> Work to complete
From the listing below, give again exactly the lines from the line with "Jak se vyvíjejí" to the line with "585*Золотой, сеть ломбардов", ends included, without any pictures.

> Provided records
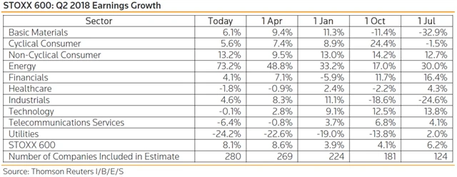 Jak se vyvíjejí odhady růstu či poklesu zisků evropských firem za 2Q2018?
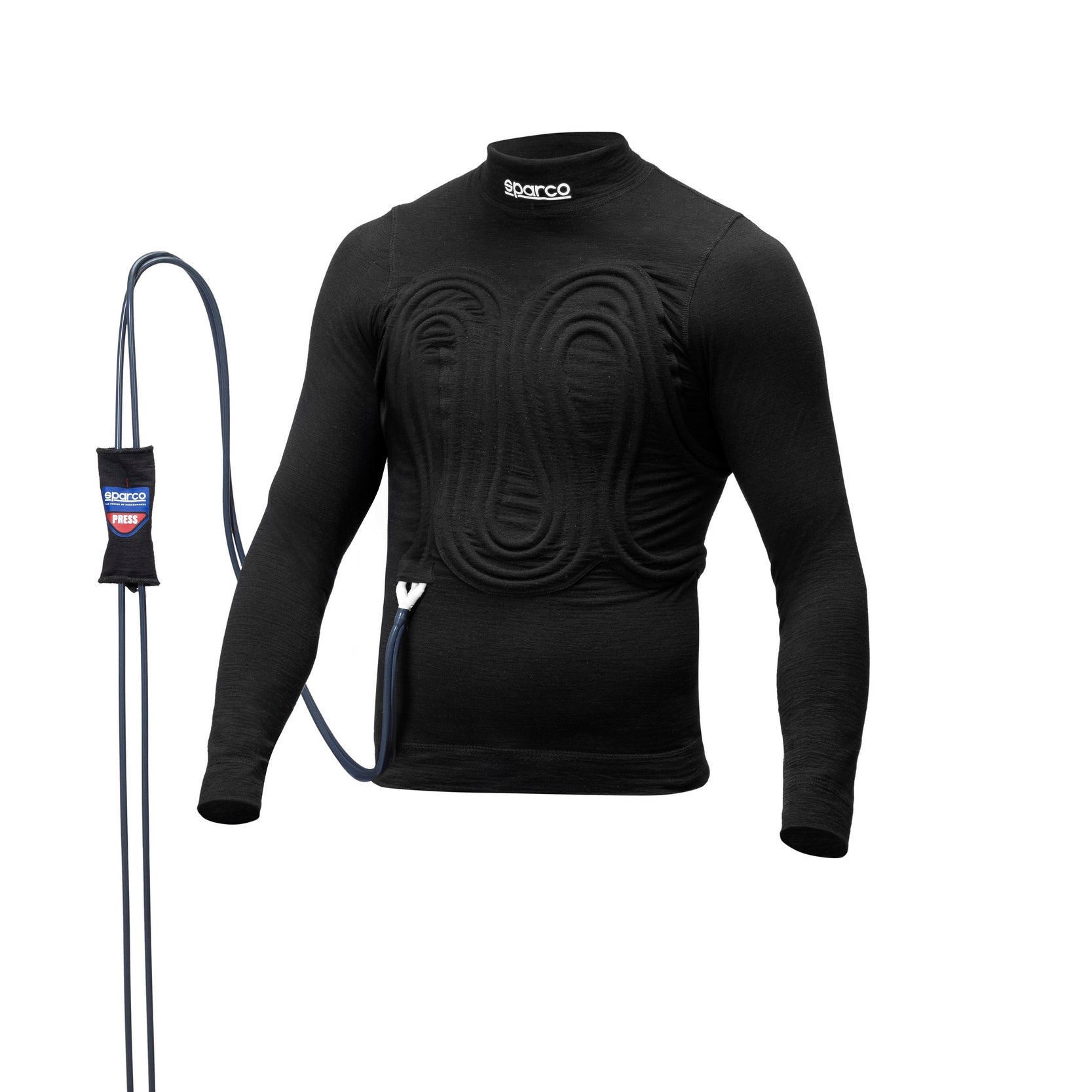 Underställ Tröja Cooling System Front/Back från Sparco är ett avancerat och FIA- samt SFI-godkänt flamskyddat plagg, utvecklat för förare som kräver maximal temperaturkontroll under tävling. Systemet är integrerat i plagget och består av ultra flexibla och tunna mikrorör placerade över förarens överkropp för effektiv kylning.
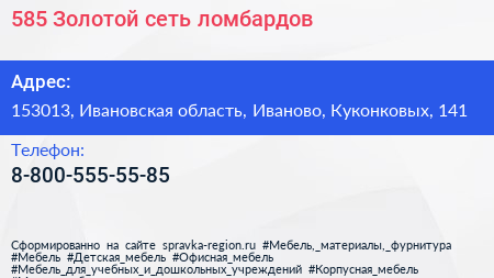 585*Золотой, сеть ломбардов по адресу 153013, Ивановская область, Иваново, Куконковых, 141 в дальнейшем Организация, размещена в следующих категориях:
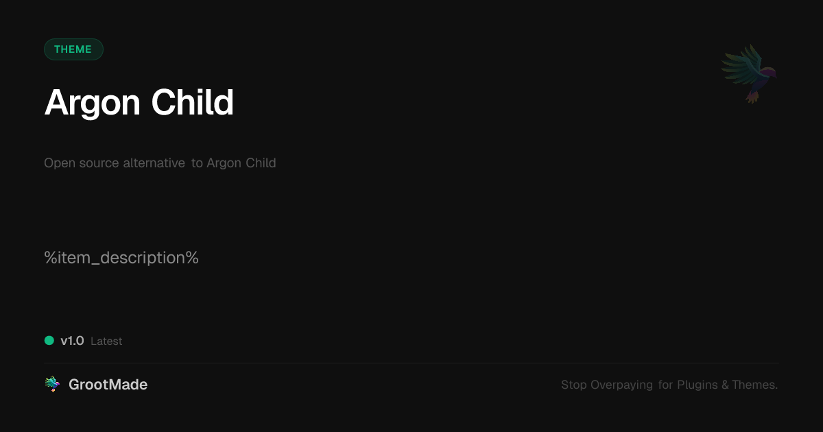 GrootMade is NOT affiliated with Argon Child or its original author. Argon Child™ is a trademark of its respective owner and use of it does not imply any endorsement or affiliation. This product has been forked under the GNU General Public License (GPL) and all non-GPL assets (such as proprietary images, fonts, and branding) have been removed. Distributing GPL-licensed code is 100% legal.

...

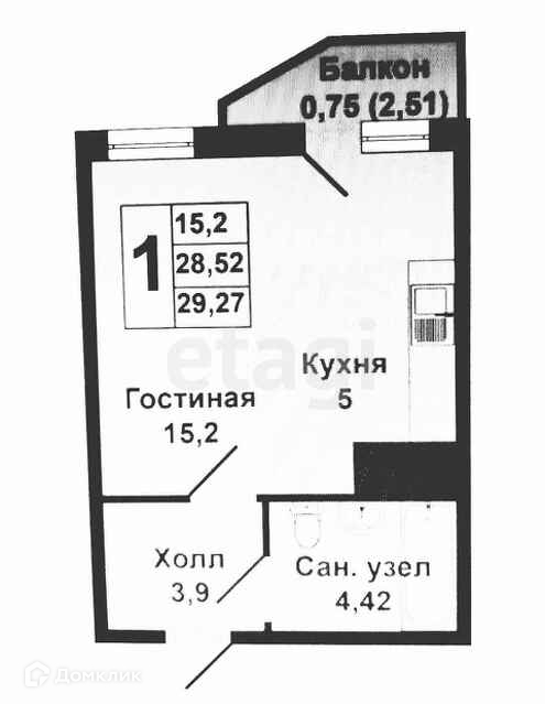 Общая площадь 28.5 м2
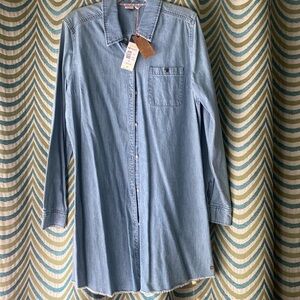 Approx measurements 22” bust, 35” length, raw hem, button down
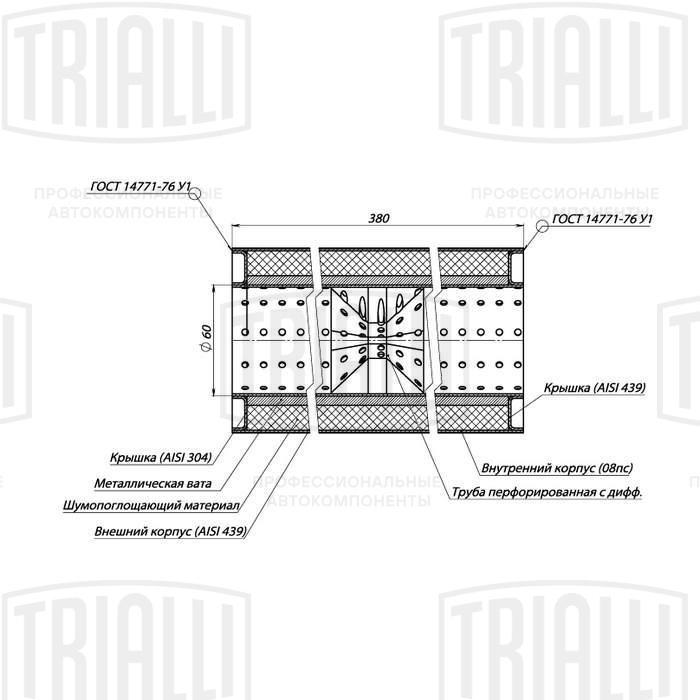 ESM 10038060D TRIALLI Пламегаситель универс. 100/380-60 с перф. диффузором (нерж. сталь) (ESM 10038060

==

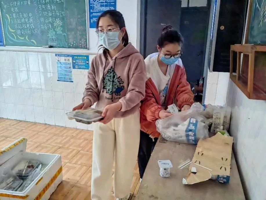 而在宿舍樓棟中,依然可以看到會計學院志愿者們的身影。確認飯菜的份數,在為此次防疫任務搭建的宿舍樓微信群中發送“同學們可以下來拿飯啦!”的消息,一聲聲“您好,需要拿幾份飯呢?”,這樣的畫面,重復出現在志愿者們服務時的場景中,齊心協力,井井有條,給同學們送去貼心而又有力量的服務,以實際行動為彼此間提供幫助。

> Solution to the exercise
 Jak se vyvíjejí odhady růstu či poklesu zisků evropských firem za 2Q2018?
 Underställ Tröja Cooling System Front/Back från Sparco är ett avancerat och FIA- samt SFI-godkänt flamskyddat plagg, utvecklat för förare som kräver maximal temperaturkontroll under tävling. Systemet är integrerat i plagget och består av ultra flexibla och tunna mikrorör placerade över förarens överkropp för effektiv kylning.
 585*Золотой, сеть ломбардов по адресу 153013, Ивановская область, Иваново, Куконковых, 141 в дальнейшем Организация, размещена в следующих категориях:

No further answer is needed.